→ THE PROBLEM
Reproduce every line below exactly as written; do not include the images.

→ AVAILABLE DATA

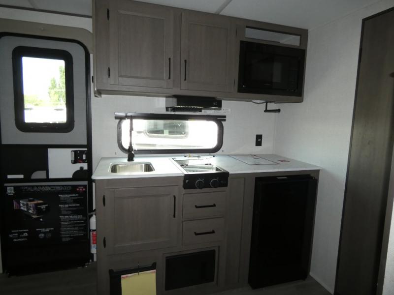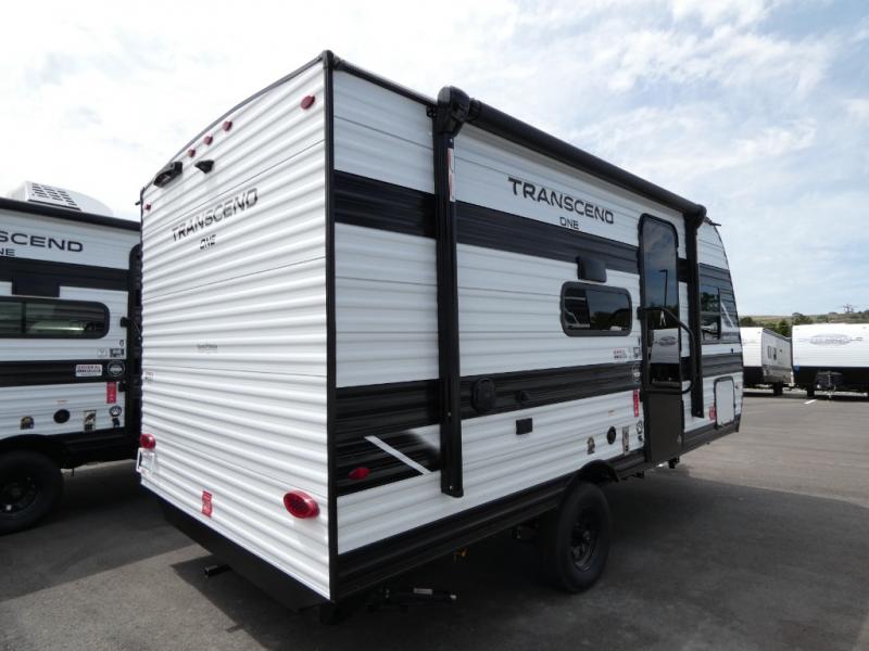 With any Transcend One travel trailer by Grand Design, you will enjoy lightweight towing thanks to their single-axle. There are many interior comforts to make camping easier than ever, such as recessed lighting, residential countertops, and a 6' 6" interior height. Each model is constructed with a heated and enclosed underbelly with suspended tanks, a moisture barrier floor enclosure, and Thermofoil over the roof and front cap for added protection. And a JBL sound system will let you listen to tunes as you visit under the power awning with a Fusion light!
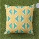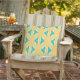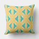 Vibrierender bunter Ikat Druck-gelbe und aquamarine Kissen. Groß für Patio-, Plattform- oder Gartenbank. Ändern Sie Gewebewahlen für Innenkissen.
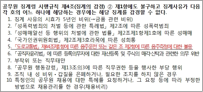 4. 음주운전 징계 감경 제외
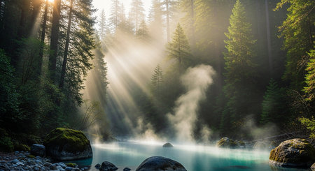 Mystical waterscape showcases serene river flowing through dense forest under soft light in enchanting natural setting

→ RESULT
 With any Transcend One travel trailer by Grand Design, you will enjoy lightweight towing thanks to their single-axle. There are many interior comforts to make camping easier than ever, such as recessed lighting, residential countertops, and a 6' 6" interior height. Each model is constructed with a heated and enclosed underbelly with suspended tanks, a moisture barrier floor enclosure, and Thermofoil over the roof and front cap for added protection. And a JBL sound system will let you listen to tunes as you visit under the power awning with a Fusion light!
 Vibrierender bunter Ikat Druck-gelbe und aquamarine Kissen. Groß für Patio-, Plattform- oder Gartenbank. Ändern Sie Gewebewahlen für Innenkissen.
 4. 음주운전 징계 감경 제외
 Mystical waterscape showcases serene river flowing through dense forest under soft light in enchanting natural setting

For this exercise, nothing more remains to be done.